Collected data
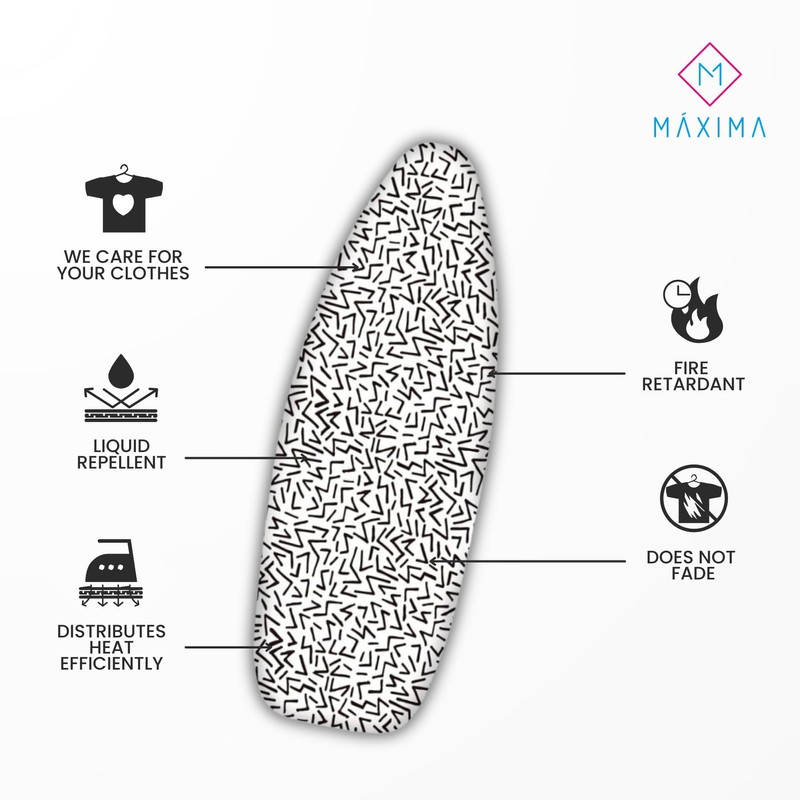 M Maxima, Ironing Board Cover and Pad, Better Quality, Fire-Resistant, Indestructible, Non-Fade Cotton with Teflon Coating, Wide 48x18, Fun
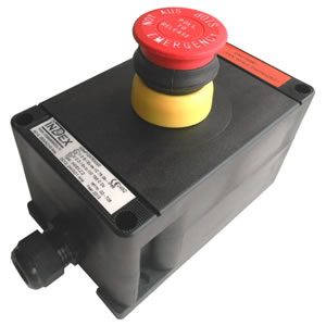 Polyamide behuizing met noodstop (push-pull) 1xNO + 3xNC contact.
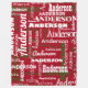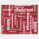 This fun and festive red Christmas repeating long name word graffiti pattern blanket features your own family name in classic Christmas colors of green and white in a typography pattern of different fonts. This is a great family gift and a super cozy blanket to bring out at Christmastime, and is the perfect gift for parents and grandparents!
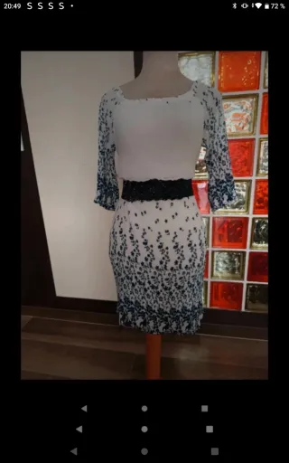 Precioso vestido de tela plisada, ideal para cualquier ocasión. Es de color blanco con estampado azul. - Diseño plisado. - Manga tres cuartos. - Escote redondo. - Estampado floral.
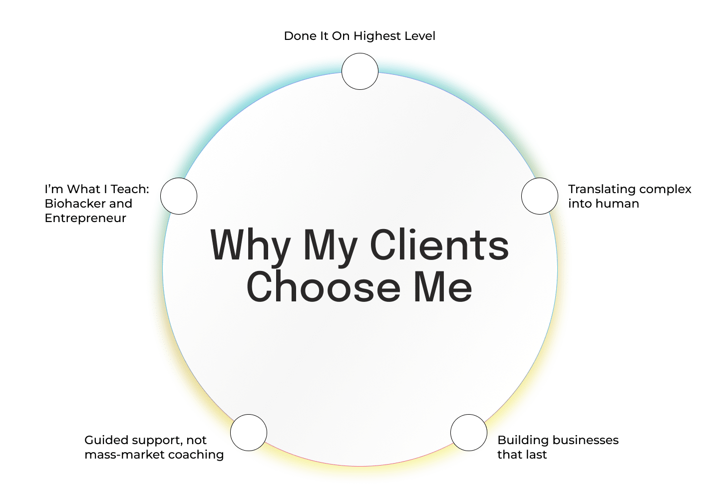 With me, you’re not a number in a community of thousands. My programs: from Digital Business Incubation to Coaching High-Performers, are personalized. You’ll get individual analysis, feedback and tailored strategies so you always know exactly what your next steps are. My clients don’t “buy a course”. They get me as a partner in their growth.

Exercise goal: Exactly as written, return each line above and leave the pictures behind.

Written answer:
 M Maxima, Ironing Board Cover and Pad, Better Quality, Fire-Resistant, Indestructible, Non-Fade Cotton with Teflon Coating, Wide 48x18, Fun
 Polyamide behuizing met noodstop (push-pull) 1xNO + 3xNC contact.
 This fun and festive red Christmas repeating long name word graffiti pattern blanket features your own family name in classic Christmas colors of green and white in a typography pattern of different fonts. This is a great family gift and a super cozy blanket to bring out at Christmastime, and is the perfect gift for parents and grandparents!
 Precioso vestido de tela plisada, ideal para cualquier ocasión. Es de color blanco con estampado azul. - Diseño plisado. - Manga tres cuartos. - Escote redondo. - Estampado floral.
 With me, you’re not a number in a community of thousands. My programs: from Digital Business Incubation to Coaching High-Performers, are personalized. You’ll get individual analysis, feedback and tailored strategies so you always know exactly what your next steps are. My clients don’t “buy a course”. They get me as a partner in their growth.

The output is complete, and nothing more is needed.